1. Field of the Invention
This Invention relates to the field of Gas Turbine Engines, and, generally to airfoils and, more particularly, to ceramic turbine airfoils with a metal internal support structure.
2. Description of the Related Art including information disclosed under 37 CFR 1.97 and 1.98
Gas Turbine Engines include a turbine with a plurality of rows of rotating blades and stationary vanes, or airfoils. Airfoils are generally made hollow, with air cooling passages therein to provide cooling for the airfoil. The external surfaces of the airfoil are subjected to high temperatures from the flowing gas. Cooling a turbine airfoil prolongs the turbine airfoil useful life and improves turbine airfoil performance.
A hollow airfoil may have a metal insert secured within the airfoil by a resin matrix, possibly including a fibrous material embedded within the matrix. One problem with the prior art is that the metal material of the insert does not bond well to the resin matrix. With a weak bond, the insert can slide out of the hollow airfoil under light loads.
FIG. 1 show a helicopter blade 20 secured to a rotor of a driving engine. The rotor includes a blade mounting portion 10 having an annular recess 12 formed completely around the shaft of the blade mounting portion. The blade includes fingers 22 extending inward and toward the annular recess of the mounting portion 10. Each finger 22 includes a hoop fiber arrangement 30 extending in an annular arrangement around the fingers 22. The hoop fibers 30 form a bump portion extending inward from the fingers 22 and align with the annular recess 12 formed in the blade-mounting portion 10. The hoop fibers 30 are formed within a resin matrix, forming a fibrous composite material.
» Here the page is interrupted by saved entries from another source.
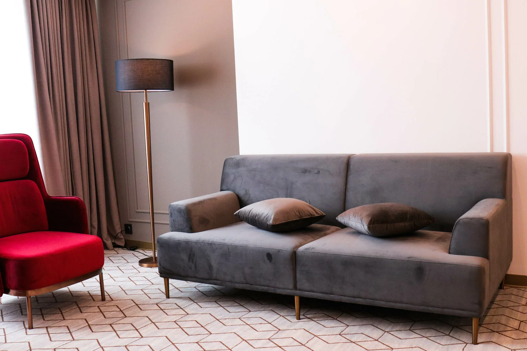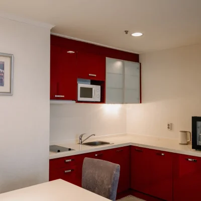 Современный двухкомнатный номер: спальня с двуспальной кроватью, гостиная с мини-кухней.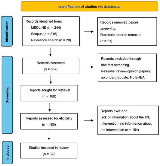Articles were scanned considering the following inclusion criteria: corresponding author and/or location of IPE intervention based in EHEA member country; peer-reviewed articles; written in English; undergraduate medical students included; description (duration and content); and evaluation of IPE intervention.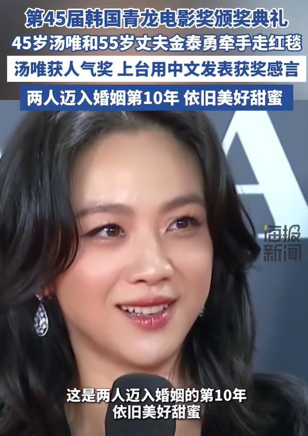 比较巧合的是,在被网友偶遇之后的11月29日,汤唯与韩国老公金泰勇携手现身于韩国第45届青龙电影节众星红毯现场。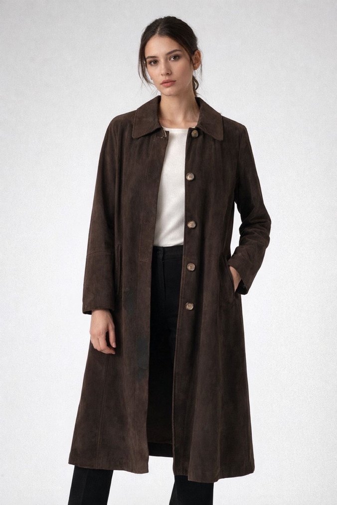 Kadın Kahverengi Süet Uzun Trençkot

Because of the strength of the fibers within the matrix, the blade is securely attached to the rotor mount even under the extremely high centrifugal forces developed during high-speed rotation of the blades about the rotor. In order for the blade to slip out of the blade mount, the fibers would have to break.
FIG. 2 shows an airfoil known in the prior art and shown in U.S. Pat. No. 4,249,291. A plurality of holes 24 are drilled in an oversized airfoil core blank 25 at spaced locations corresponding to the desired locations of cooling tubes in the airfoil. The cooling tubes are separately fabricated as preassembled composite tube inner member 27 within an outer member 26 and are inserted into the holes 24 formed in the airfoil blank 25. The so-inserted composite tubes 27 are then HIP diffusion bonded or brazed in place.
U.S. Pat. No. 4,563,128 issued to Rossmann on Jan. 7, 1986 shows a Ceramic turbine Blade Having A Metal Support Core in which a hollow ceramic blade member is supported between flanges on a metal core, or by a core head attached at an end of a metal rod passing though a hollow portion of the ceramic blade.
U.S. Pat. No. 4,790,721 issued to Morris et al on Dec. 13, 1988 shows a Blade Assembly in which a ceramic blade jacket is supported on a metallic core between a lower flange extending from a root of the blade and a top flange formed on the metallic core.
U.S. Pat. No. 4,314,794 issued to Holden, deceased et al on Feb. 9, 1982 shows a plurality of hollow ceramic washers in the shape of a blade supported on a metal core, a bolt securing the metal core to a ceramic root portion of the blade.
U.S. Pat. No. 4,285,634 issued to Rossmann et al on Aug. 25, 1981 shows a gas turbine blade constituted of a supportive metallic blade core and a thin-walled ceramic blade airfoil, in which the airfoil is supported against a tip plate of the blade core. The blade core consists of rod or wire-shaped pins which have widened bases at their radially inner ends. Through these widened bases, the pins are retained in a metallic adapter slidably into a turbine disc.
U.S. Pat. No. 2,479,057 issued to Bodger on Aug. 16, 1949 shows a ceramic blade secured to a metallic post by a shroud segment welded to the metallic post, the shroud segment forming a flange to hold the ceramic blade onto the metallic post.
U.S. Pat. No. 6,514,046 issued to Morrison et al on Feb. 4, 2003 shows a vane assembly for a turbine assembly includes an inner end cap, an outer end cap, and a body. The body includes a metallic core assembly, a ceramic shell assembly and a support assembly. The metallic core assembly is coupled to the inner and outer end caps and bears most of the mechanical loads, including aerodynamic loads. The ceramic shell bears substantially all of the thermal stress placed on the vane assembly. The support assembly is disposed between the metallic core assembly and said ceramic shell assembly and is coupled to the metallic core assembly.
The above cited prior art references do not have strong bond between a metallic insert and a blade or vane body made of a ceramic material that can withstand modern high stresses in the airfoil that tend to separate the metallic material from the ceramic material.
It is therefore an object of the present invention to provide a high strength bond between a metallic insert and an outer ceramic airfoil member, the airfoil being a blade or vane used in a gas turbine engine.